LurkingHusband am I right in thinking that the original specs for email deliberately excluded the use of extended character sets in addressing
Er quite the reverse. The original spec (RFC822) and it's successor both allowed this specification:
quote
3.2.4. Atom
Several productions in structured header field bodies are simply
strings of certain basic characters. Such productions are called
atoms.
Some of the structured header field bodies also allow the period
character (".", ASCII value 46) within runs of atext. An additional
"dot-atom" token is defined for those purposes.
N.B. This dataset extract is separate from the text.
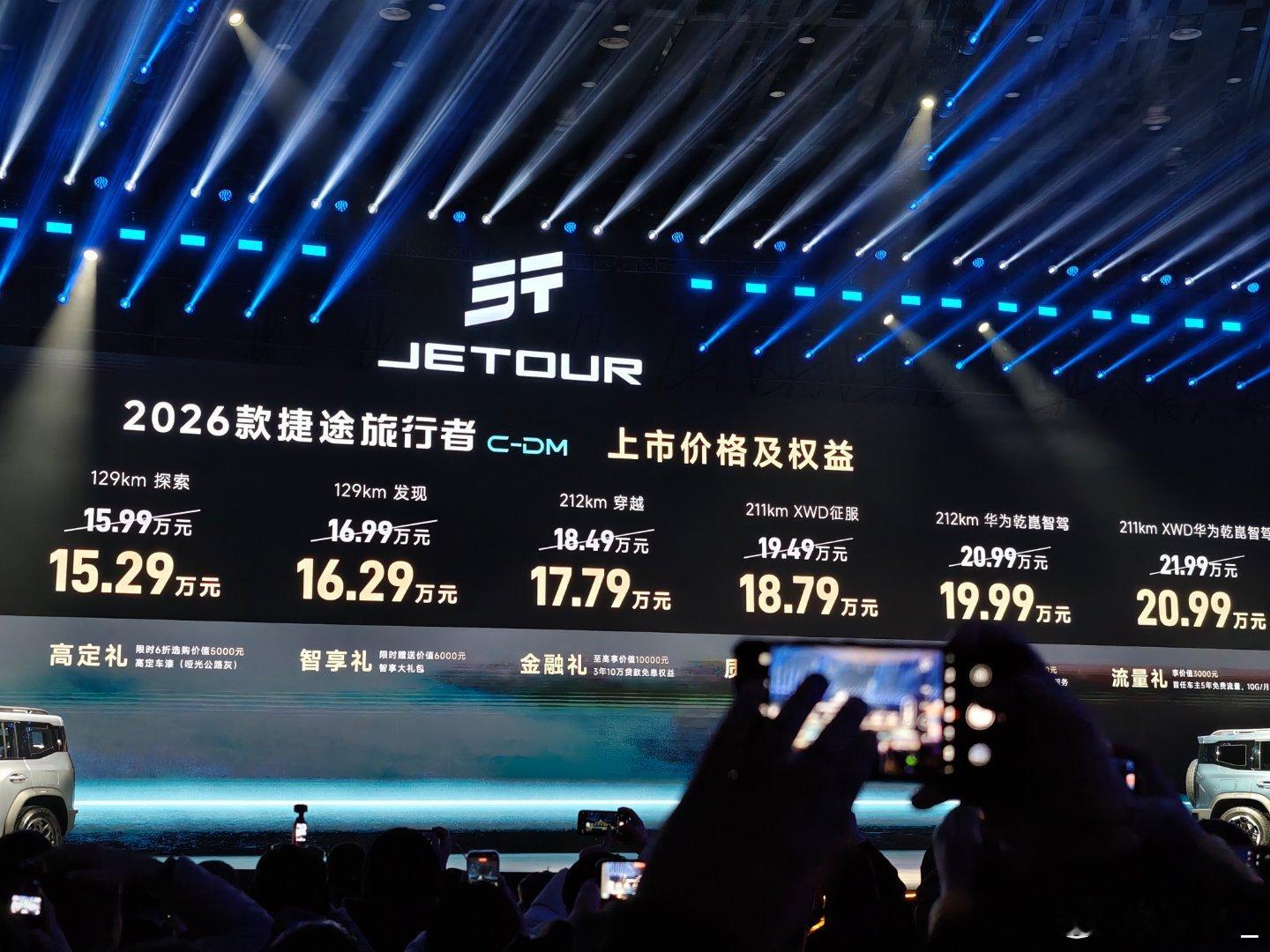 来2026款旅行者双车上市发布会了作为捷途品牌,非常重要的一款SUV捷途旅行者、旅行者C-DM今晚正式上市限时焕新价旅行者5个版型,12.49——16.49w旅行者C-DM 6个版型,15.29——20.99w🍔坚持旅行+的战略不动摇捷途是全球最快七年两百万销量达成的品牌设计部分,两款新的轮毂座舱加入实体物理按键,水晶飞行档把整个座舱的舒适度,静谧性也都有提升5A的健康座舱里面像女王副驾、二排小桌板、车载冰箱也都有尾箱还有开瓶器、智能灯语小书包🍔聊回来XWD这套全自动智能四驱响应快、操控稳、超耐久、易于上手配合7+X的驾驶模式,越野小白能更轻松了动力部分最大功率187kW、最大扭矩390Nm🍔来到旅行者C-DM有了华为乾崑智驾ADS4、宁德时代电池值得一提的是把激光雷达做到了舱内动力部分系统功率455kW、920Nm的系统扭矩🍔这样的捷途旅行者,你们觉得怎么样?

atext = ALPHA / DIGIT / ; Any character except controls,
"!" / "#" / ; SP, and specials.
"$" / "%" / ; Used for atoms
"&" / "'" /
"*" / "+" /
"-" / "/" /
"=" / "?" /
"^" / "_" /
"`" / "{" /
"|" / "}" /
"~"
atom = [CFWS] 1*atext [CFWS]
dot-atom = [CFWS] dot-atom-text [CFWS]
dot-atom-text = 1atext ("." 1*atext)
Both atom and dot-atom are interpreted as a single unit, comprised of
the string of characters that make it up. Semantically, the optional
comments and FWS surrounding the rest of the characters are not part
of the atom; the atom is only the run of atext characters in an atom,
or the atext and "." characters in a dot-atom.
endquote
But there are some quite crap coders out there who insist on rewriting their own email address validation routines - and getting it wrong.
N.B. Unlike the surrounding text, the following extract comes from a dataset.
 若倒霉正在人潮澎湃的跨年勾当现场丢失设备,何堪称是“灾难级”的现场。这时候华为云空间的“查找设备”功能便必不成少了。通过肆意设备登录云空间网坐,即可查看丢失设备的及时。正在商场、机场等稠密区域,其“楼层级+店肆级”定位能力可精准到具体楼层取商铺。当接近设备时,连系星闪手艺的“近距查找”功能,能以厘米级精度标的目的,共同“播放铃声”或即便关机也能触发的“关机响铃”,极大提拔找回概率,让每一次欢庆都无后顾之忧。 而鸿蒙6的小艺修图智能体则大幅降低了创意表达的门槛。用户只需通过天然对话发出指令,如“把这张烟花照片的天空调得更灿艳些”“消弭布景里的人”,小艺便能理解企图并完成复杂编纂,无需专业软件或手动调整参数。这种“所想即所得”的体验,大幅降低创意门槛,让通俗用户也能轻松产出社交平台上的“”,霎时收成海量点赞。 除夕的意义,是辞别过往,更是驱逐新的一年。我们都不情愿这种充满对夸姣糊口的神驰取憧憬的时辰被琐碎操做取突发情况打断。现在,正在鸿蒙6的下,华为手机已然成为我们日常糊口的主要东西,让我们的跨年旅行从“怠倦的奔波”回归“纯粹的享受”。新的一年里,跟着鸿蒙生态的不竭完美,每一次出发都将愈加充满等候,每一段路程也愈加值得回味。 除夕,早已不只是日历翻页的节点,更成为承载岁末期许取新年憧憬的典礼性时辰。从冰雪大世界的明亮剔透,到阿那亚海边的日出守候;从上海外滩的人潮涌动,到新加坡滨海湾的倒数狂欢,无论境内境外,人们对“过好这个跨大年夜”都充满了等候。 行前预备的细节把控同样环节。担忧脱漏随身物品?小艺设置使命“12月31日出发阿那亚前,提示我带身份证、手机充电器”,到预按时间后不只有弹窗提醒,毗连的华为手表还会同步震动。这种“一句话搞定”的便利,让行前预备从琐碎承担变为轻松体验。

With the current push for internationalisation it seems likely the updated spec will be expanded to cover non-ASCII characters. So expect a tsunami of really crap coding.
For those that care, I used variants of this as one of my interview questions. If a candidate had said "hang on", googled, and then mentioned RFC822 or 2822, they would have been hired on the spot !
My (real) name is in an RFC from 1987